The simple message carries two main points: First, while the holiday season might be joyous and celebratory for many of us, for a large number of our students it is a time of uncertainty and even turmoil. Existing housing or economic instability is exacerbated by extra-short days and extra-long, cold nights; a roof and heat are not necessarily guarantees. The pressures of gift-giving and consumerism amplify the divide between the haves and have-nots as our students navigate that difficult social landscape around who gets what, wants what, or how many gifts end up under the tree. (As one former student put it years ago, “I never understood why Santa always liked the rich kids more…even the ones who were jerks.”) Add to all this the financial and personal stresses that the adults in our kids’ lives experience…stress that our students observe and absorb…and the kids who walk into our classrooms on these inter-holiday days might be carrying extra burdens we don’t see the rest of the year.

And this all leads us to the email’s second point: As the adult, be careful not to take things personally. That kid who was always on time and engaged in September and October might fold in on himself in December, or that engagement might drift to mere compliance which might shift to full blown resistance. For others, the simmer might be much quicker to turn to a boil, as pressures from outside crank up the emotional heat. Behavior might deteriorate, focus might be hard to achieve, and tempers might be on edge. The email’s message: Don’t take it personally, and be mindful about your reaction lest you escalate an already escalated state. This is an important reminder for the adults in our system. We can’t take it personally. It isn’t us. It isn’t even them. How we react makes all the difference if the rest of the kid’s world is turmoil hiding behind tinsel.

It is important that we as teachers recognize just how different our students lives might be than what we picture. Teachers, by law, must be college graduates. Teachers, for the most part, maintain stable month-to-month and year-to-year employment. While it is true that far too many teachers do struggle financially and end up taking on additional work, particularly early in their careers, we have to remember that the vast majority of us have levels of economic and housing stability that a huge percentage of our students might not.

The National Center for Children in Poverty digests statistics from the 2016 American Community Survey to help paint the picture about the kids our systems serve. Here in Washington, our childhood poverty and low-income rates are a tick lower than the national average, but on average about two of every five kids in our system falls under either the “low-income” or “in poverty” classification.
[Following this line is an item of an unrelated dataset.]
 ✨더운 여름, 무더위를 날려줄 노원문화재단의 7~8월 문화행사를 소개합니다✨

Of course, a lower family income doesn’t inherently mean family struggle or instability…nor does affluence guarantee that students aren’t feeling unusual stresses this time of year. It cannot hurt us as professionals, though, to be extra mindful during these dark months of the unique external pressures that this supposedly festive season might have on our students.
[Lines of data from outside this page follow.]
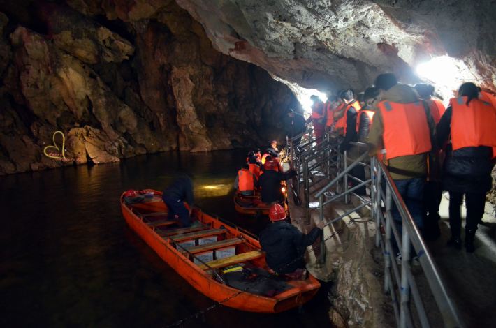 冠岩地下河坐小船里面没有灯光,一个给一个手电筒照亮
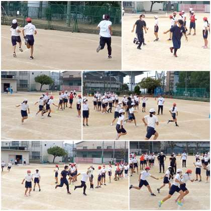 各学級、児童38名+担任の計39名が、それぞれ運動場半周を走りバトンを繋ぎます。
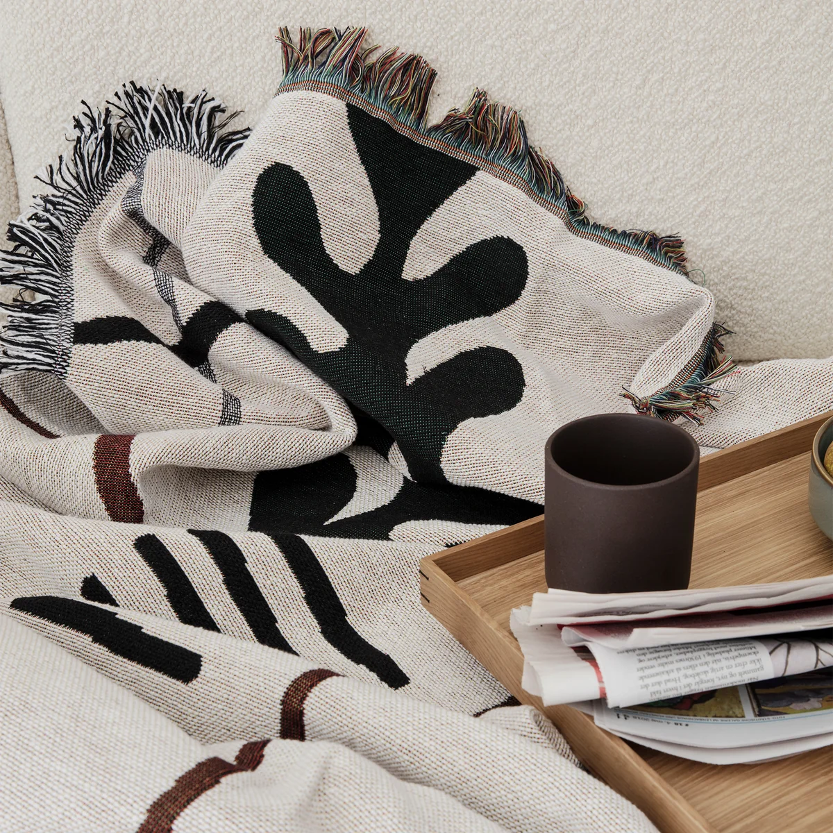 Die Mirage Decke von Ferm Living überzeugt durch Motive von Oasen- und Wüstenparadiesen in abstrakten, modernen Formen. Aus 100 % Baumwolle hergestellt und in den Massen 120 x 170 cm, eignet sich die Decke gut zum Einkuscheln an kalten Tagen auf dem Sofa und macht sich dank der Motive auch toll als Überwurf auf dem Bett oder über dem Sessel. Die Fransen an allen Seiten sorgen für ein verspieltes Detail. Die Decke ist bei 30 °C in der Waschmaschine zu reinigen.

In my own English classroom, I have used daily journaling to get to know about my students’ relationships with this time of year. The prompts draw out stories from kids about great winter memories with family and friends as well as clarity about which students love cancelled-school snow days and which ones dread them. Their writing reveals what sorts of excitements or worries this time of year brings for kids.
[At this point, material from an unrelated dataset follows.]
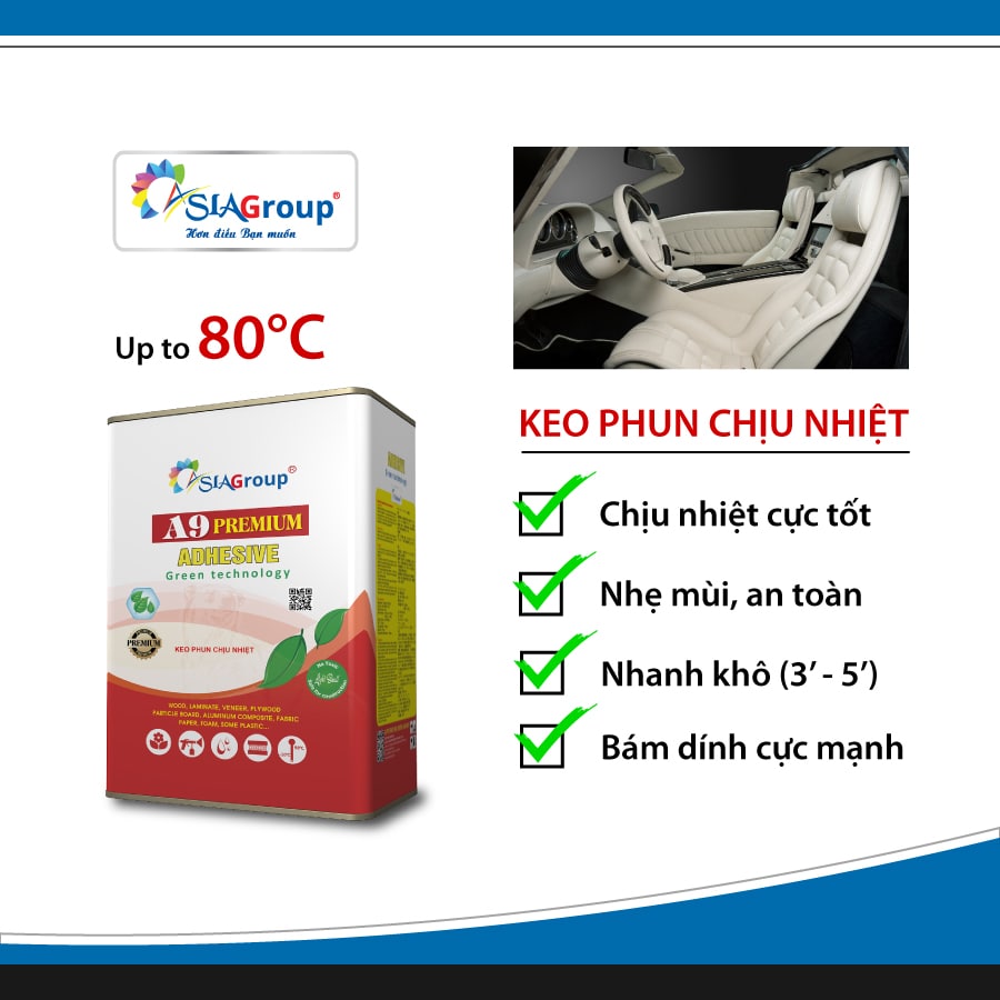 Bằng nhiều năm kinh nghiệm trong nghề cũng như trải qua nhiều đợt đánh giá kiểm định nghiêm ngặt của quốc tế, nếu bạn đang tìm một giải pháp toàn diện để dán các bề mặt, bạn có thể tham khảo qua sản phẩm ASIA A9 Premium. Sản phẩm này giải quyết được nhiều vấn đề cốt lõi: khả năng chịu nhiệt lên đến 80°C, độ bám dính ban đầu cực nhanh và thời gian chờ tối ưu, giúp giảm thiểu lỗi thi công và đảm bảo độ bền vượt trội cho các ứng dụng khắc nghiệt nhất như nội thất ô tô và tủ bếp.

We must remember that for many kids “Winter Break” may be a time for family togetherness, vacations or playing in the snow. For others, it means a break from the warmth of a classroom, the consistency of meals, and adult support and supervision. We can’t solve all of these challenges for our kids, but we can certainly do our best to keep school a safe, welcoming, and stable place, even if the world outside our walls cannot provide the same.